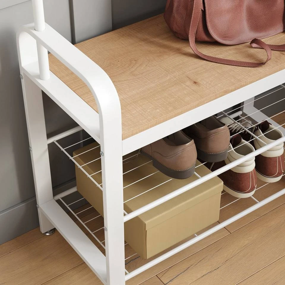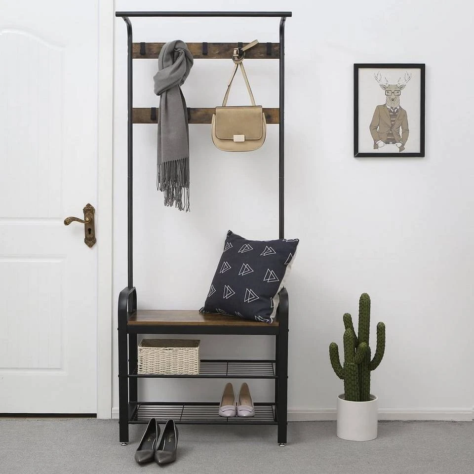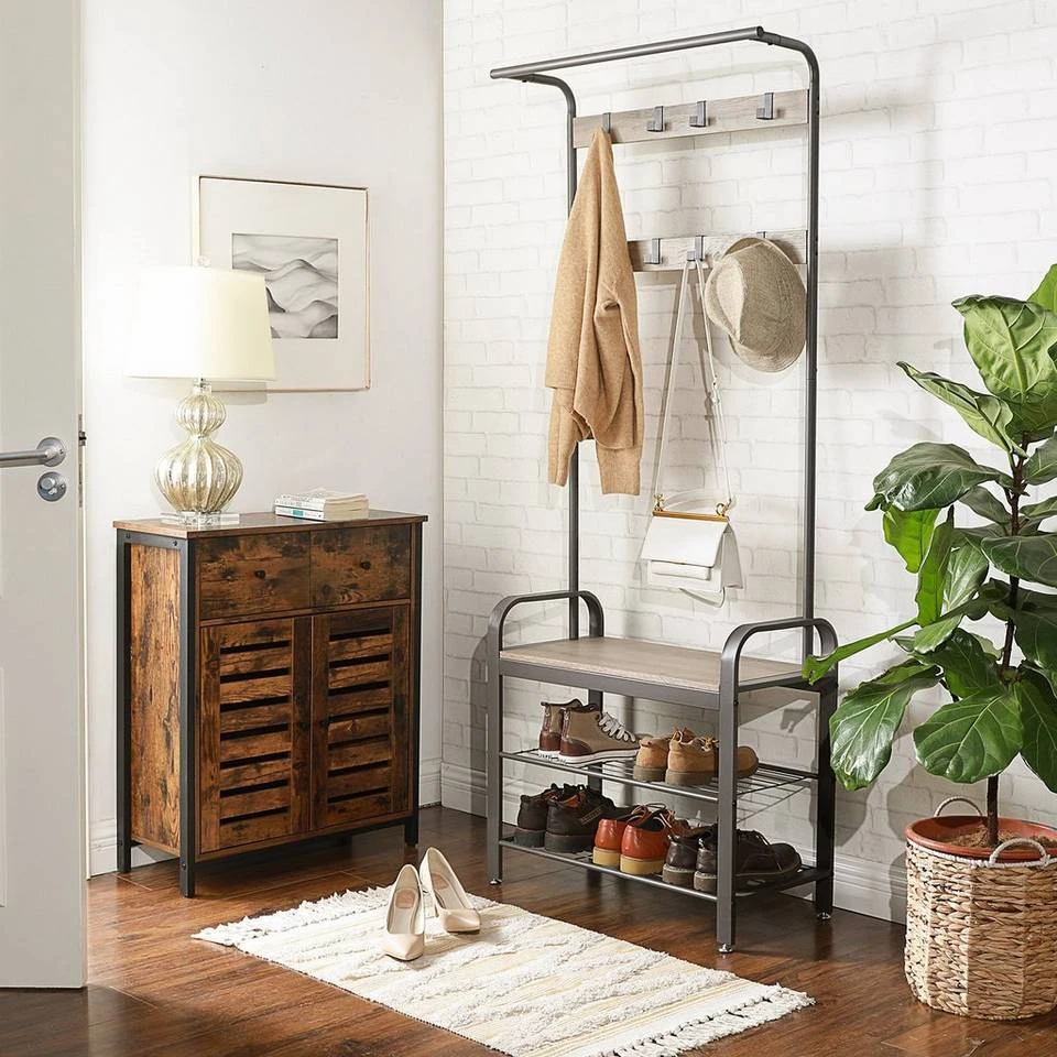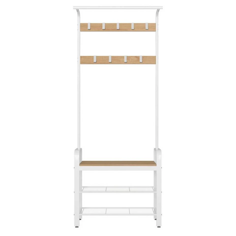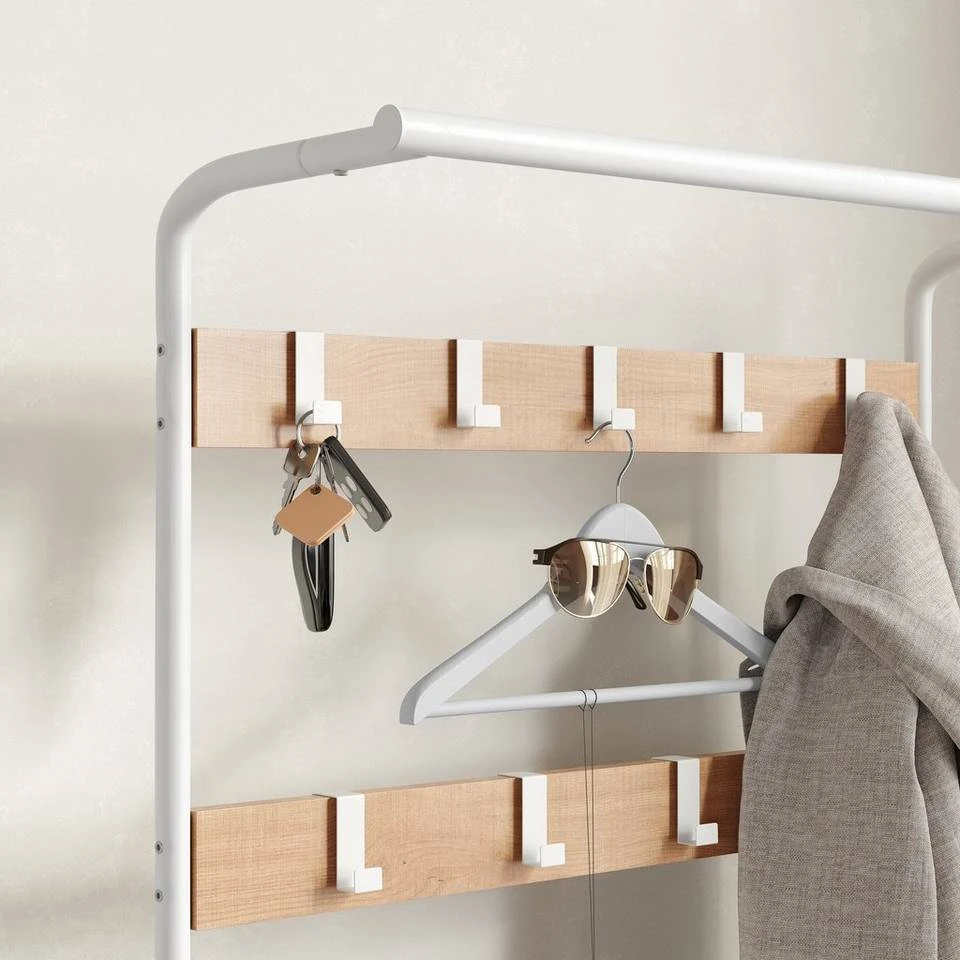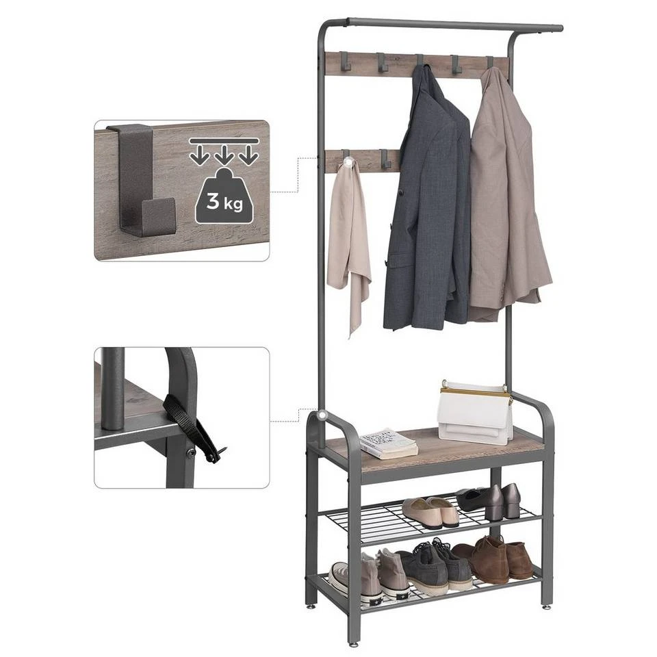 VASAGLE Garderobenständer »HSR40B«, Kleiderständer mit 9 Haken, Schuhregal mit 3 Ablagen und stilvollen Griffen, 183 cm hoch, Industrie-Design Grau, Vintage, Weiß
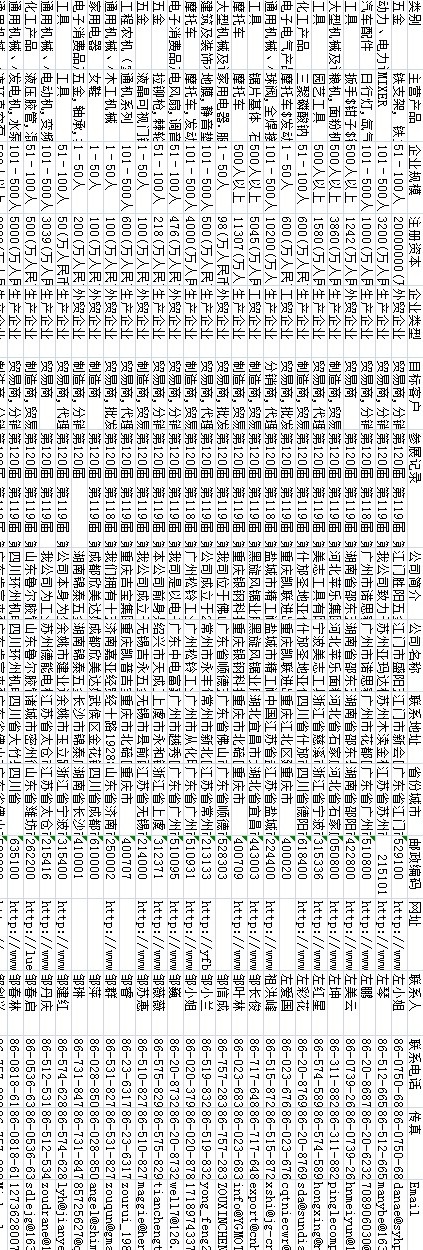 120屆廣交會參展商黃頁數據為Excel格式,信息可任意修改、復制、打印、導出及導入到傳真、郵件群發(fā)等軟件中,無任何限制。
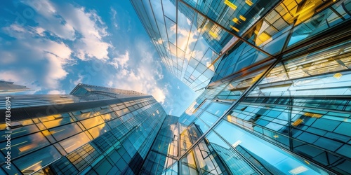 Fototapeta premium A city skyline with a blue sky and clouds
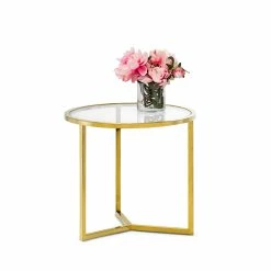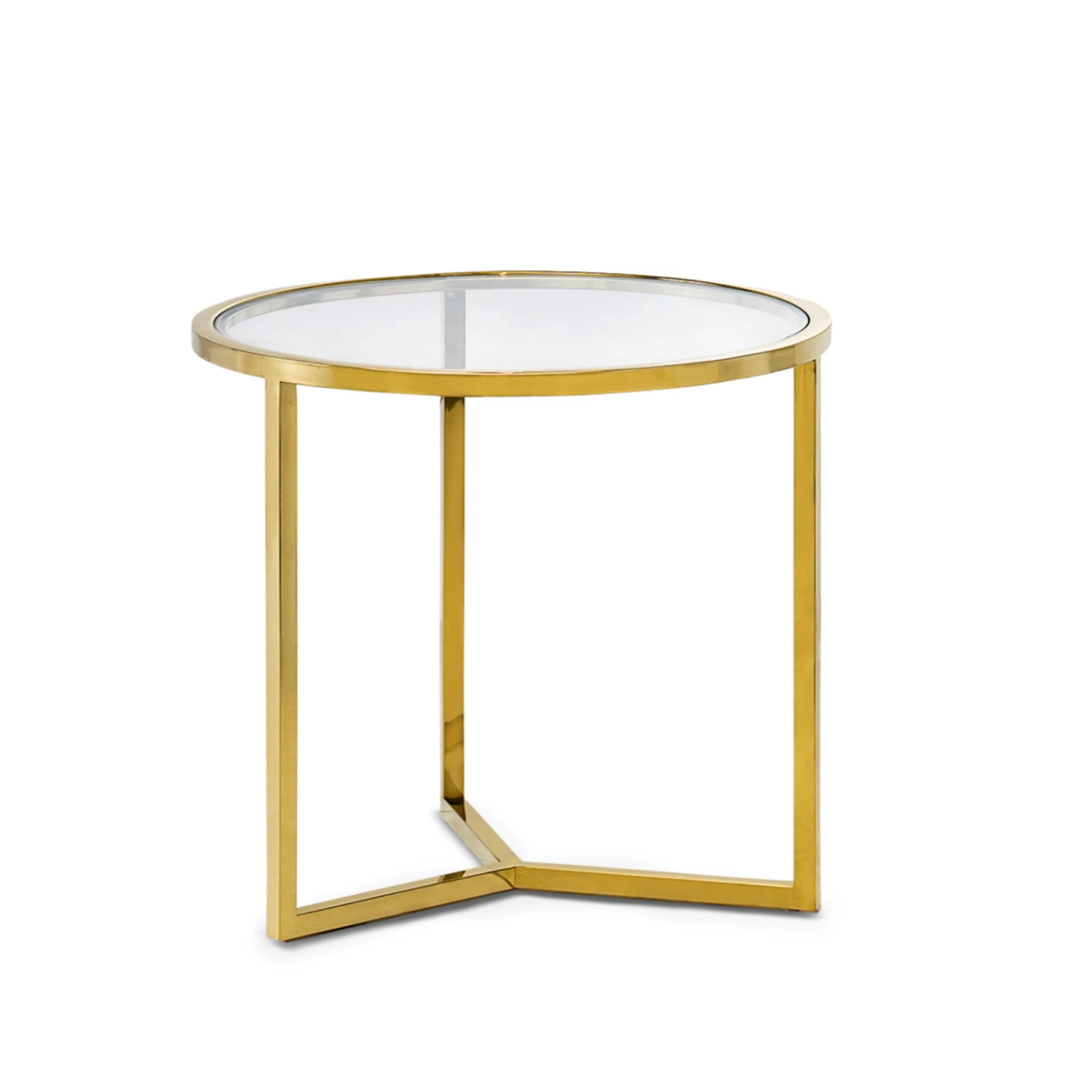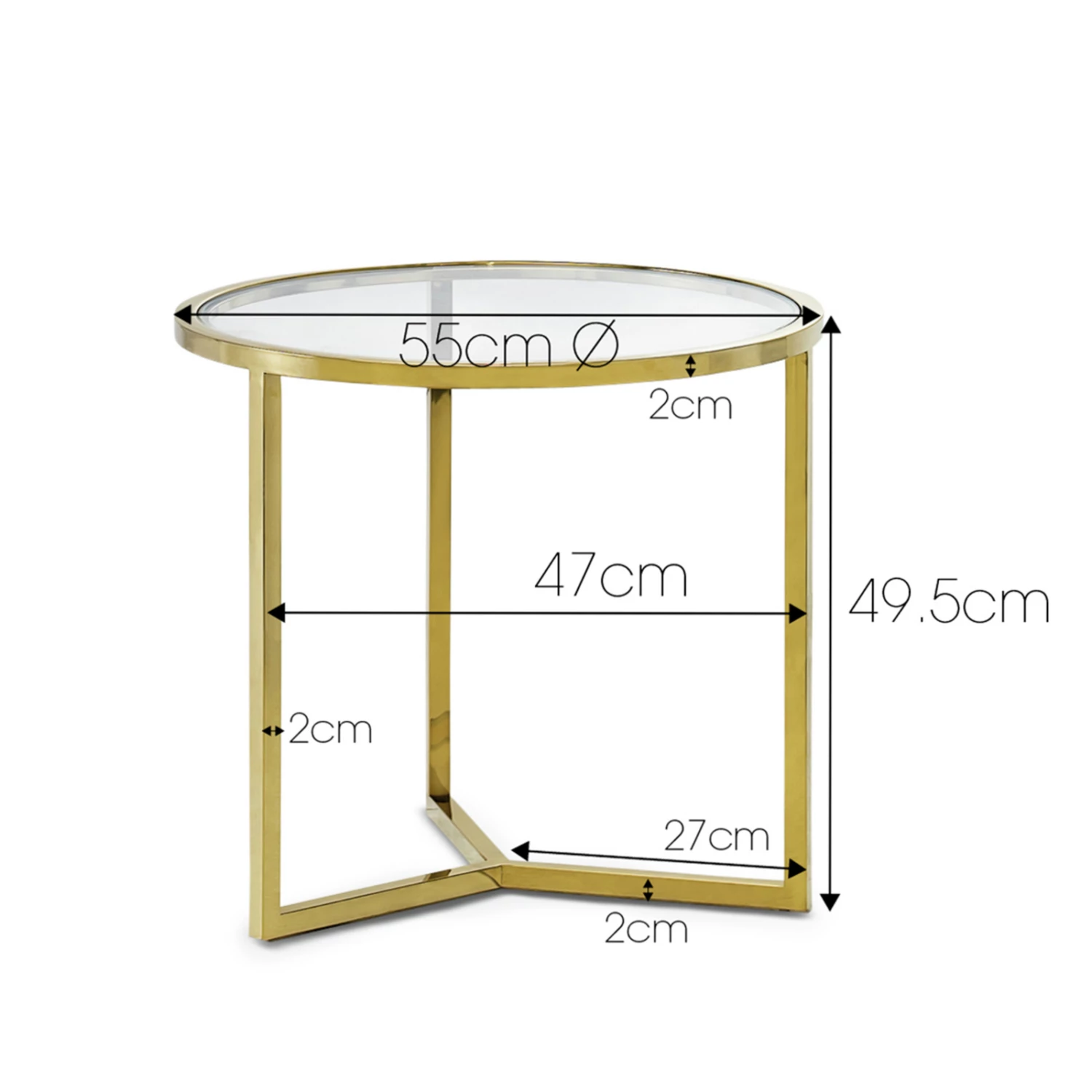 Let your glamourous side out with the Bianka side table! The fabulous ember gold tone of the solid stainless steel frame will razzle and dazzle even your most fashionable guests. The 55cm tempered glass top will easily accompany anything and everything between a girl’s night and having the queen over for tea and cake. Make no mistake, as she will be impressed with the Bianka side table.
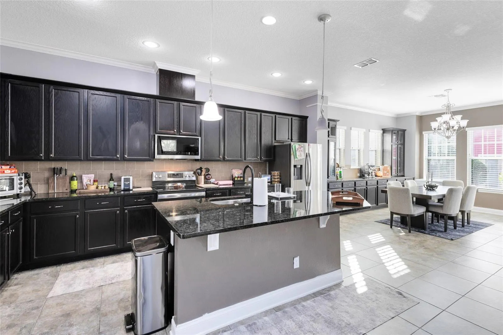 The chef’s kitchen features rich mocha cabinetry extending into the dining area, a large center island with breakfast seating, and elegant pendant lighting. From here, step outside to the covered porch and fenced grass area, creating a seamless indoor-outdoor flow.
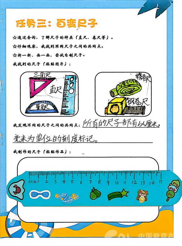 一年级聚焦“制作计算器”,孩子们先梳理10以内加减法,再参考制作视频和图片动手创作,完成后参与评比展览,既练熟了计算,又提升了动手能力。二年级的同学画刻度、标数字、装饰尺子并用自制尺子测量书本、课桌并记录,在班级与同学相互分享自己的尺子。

◆ What you should do
Print the data exactly as written, dropping any images it holds.

◆ Solution to the problem
 VASAGLE Garderobenständer »HSR40B«, Kleiderständer mit 9 Haken, Schuhregal mit 3 Ablagen und stilvollen Griffen, 183 cm hoch, Industrie-Design Grau, Vintage, Weiß
 120屆廣交會參展商黃頁數據為Excel格式,信息可任意修改、復制、打印、導出及導入到傳真、郵件群發(fā)等軟件中,無任何限制。
 Fototapeta premium A city skyline with a blue sky and clouds
 Let your glamourous side out with the Bianka side table! The fabulous ember gold tone of the solid stainless steel frame will razzle and dazzle even your most fashionable guests. The 55cm tempered glass top will easily accompany anything and everything between a girl’s night and having the queen over for tea and cake. Make no mistake, as she will be impressed with the Bianka side table.
 The chef’s kitchen features rich mocha cabinetry extending into the dining area, a large center island with breakfast seating, and elegant pendant lighting. From here, step outside to the covered porch and fenced grass area, creating a seamless indoor-outdoor flow.
 一年级聚焦“制作计算器”,孩子们先梳理10以内加减法,再参考制作视频和图片动手创作,完成后参与评比展览,既练熟了计算,又提升了动手能力。二年级的同学画刻度、标数字、装饰尺子并用自制尺子测量书本、课桌并记录,在班级与同学相互分享自己的尺子。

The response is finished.